The @patch decorator replaces get_data_from_api with a mock object for the duration of the test. You can set its return value or side effects to simulate different responses.

Mocking Method Purpose
return_value Set the value returned by the mock
side_effect Set exception or dynamic return values
assert_called_once Check if mock was called exactly once
assert_called_with Check arguments of the last call

Mocking is especially useful for isolating the code under test from its dependencies, making your tests faster and more reliable.

Logging for Debugging

Sometimes, debugging with pdb isn't practical, especially in production environments. That's where logging comes in. Python's logging module lets you add log messages to your code that can be turned on or off depending on the severity level.

Configure logging at the start of your application:

import logging

logging.basicConfig(level=logging.DEBUG, format='%(asctime)s - %(levelname)s - %(message)s')

Then, add log statements throughout your code:

def complex_calculation(x, y):
    logging.debug(f"Starting calculation with x={x}, y={y}")
    result = x * y
    if result < 0:
        logging.warning("Result is negative")
    logging.debug(f"Calculation result: {result}")
    return result

By setting the log level to DEBUG, you'll see all messages. In production, you might set it to WARNING or higher to reduce noise. Logging provides a non-intrusive way to track your program's behavior without stopping execution.

You can also direct logs to different outputs, like files:

logging.basicConfig(filename='app.log', level=logging.DEBUG)
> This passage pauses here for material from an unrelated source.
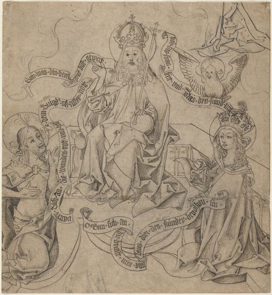 This anonymous drawing depicts the Madonna and Child adored by two saints. Here, we see the Madonna, a timeless symbol of maternal love and divine grace, seated regally with the Christ Child, and a rosary, symbolizing faith. Consider the motif of the rosary, a string of beads, each bead a prayer. This object has roots stretching back to ancient prayer traditions—Buddhist malas and Muslim tasbihs come to mind. Such objects are not merely tools for counting prayers. They embody a deeper, subconscious desire to quantify and control the spiritual realm. The Madonna's serene gaze invites introspection, stirring deep-seated emotions. Just as the saints in this drawing offer their devotion, we, too, are drawn into a cycle of reverence and reflection. The sacred act of prayer, represented by the rosary, echoes through centuries, resurfacing in myriad forms across cultures. The artist taps into a wellspring of collective memory, engaging us on a visceral, emotional level.

This is invaluable for post-mortem debugging when you need to understand what happened after a crash.

Handling Flaky Tests

Flaky tests are tests that sometimes pass and sometimes fail without any changes to the code. They erode trust in your test suite and should be fixed ASAP. Common causes include reliance on external services, timing issues, or shared state.

To avoid flaky tests:

  • Isolate tests: Ensure each test sets up its own data and doesn't depend on others.
  • Use mocking: Replace unreliable dependencies with predictable mocks.
  • Avoid sleep calls: Instead of time.sleep(), use polling or events if waiting for a condition.
  • Run tests multiple times: Tools like pytest-flakefinder can run tests repeatedly to expose flakiness.

If you encounter a flaky test, try to reproduce it consistently. Add more logging around the failing area to understand what's happening. Sometimes, increasing timeouts or adding retries can help, but be cautious—this might mask underlying issues.

Debugging in IDEs

If you're using an IDE like PyCharm or VSCode, you have powerful graphical debugging tools at your disposal. These allow you to set breakpoints by clicking in the margin, inspect variables in a panel, and step through code with buttons instead of typing commands.
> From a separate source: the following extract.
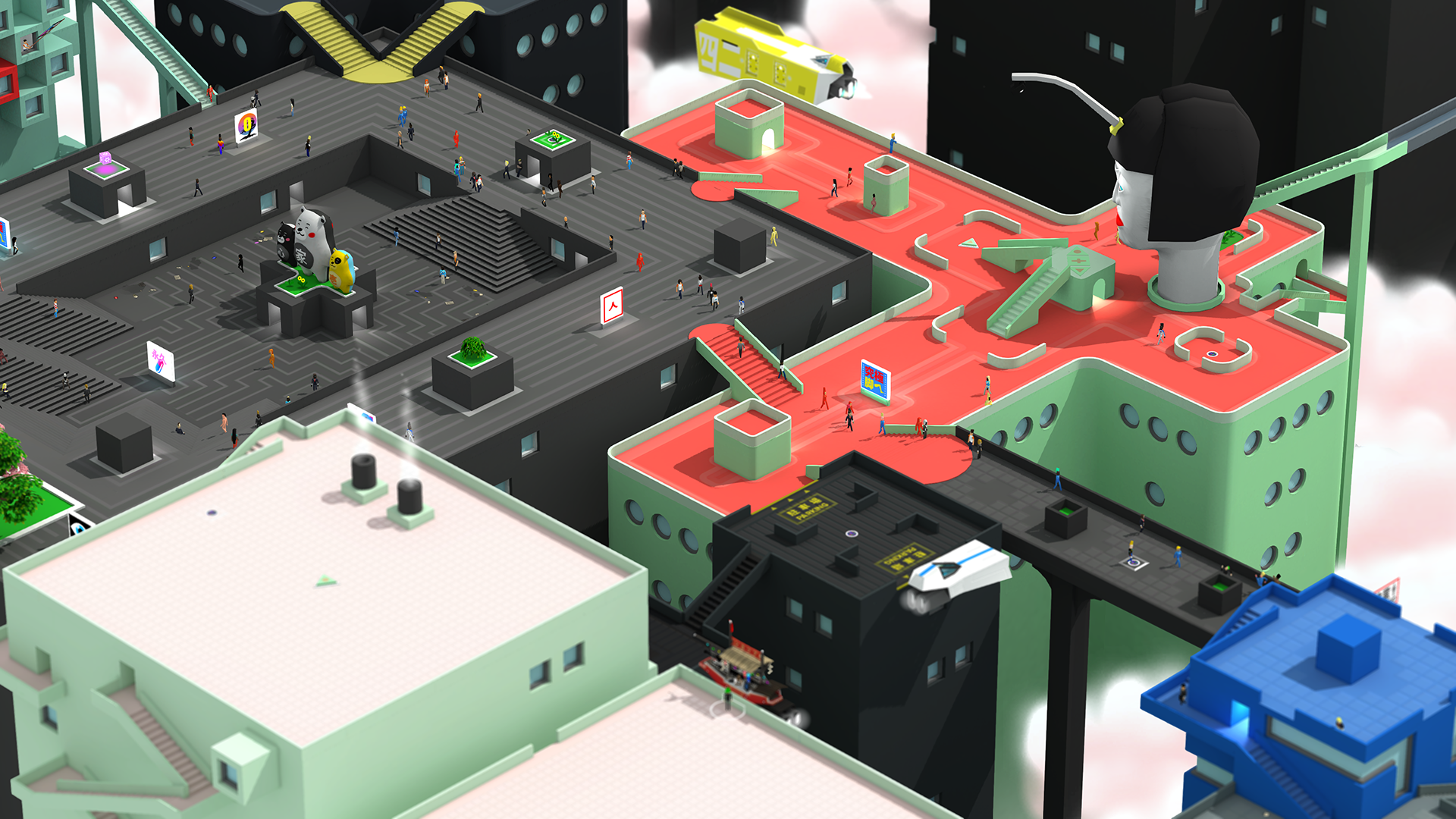 Our initial discussions when we first conceived Tokyo42 centered around creating a busy, crowded world for the players to use crowd mechanics against each other. The first visual reference for this was a design group called eBoy, who do these beautiful isometric cityscapes, packed with activity and color.

In PyCharm, for example, you can right-click and select "Debug" instead of "Run" to start a debugging session. You can then hover over variables to see their values or use the debug console to execute expressions.

IDE debuggers often provide a more intuitive experience than command-line pdb, especially for complex codebases. They also integrate with your test runner, letting you debug failing tests directly.

Testing Best Practices

To wrap up, here are some best practices to keep in mind as you write and maintain your tests:

  • Write tests before or alongside code (Test-Driven Development can be very effective).
  • Keep tests small and focused on one behavior.
  • Use descriptive test names that indicate what is being tested.
  • Run your tests frequently to catch regressions early.
  • Aim for high code coverage but don't sacrifice quality for quantity.
  • Refactor tests when you refactor code to keep them maintainable.
  • Treat test code with the same care as production code.

Remember, the goal of testing is not just to find bugs but to prevent them. A good test suite gives you confidence to make changes and add features without breaking existing functionality.

Happy testing and debugging! May your code be ever bug-free and your tests always green.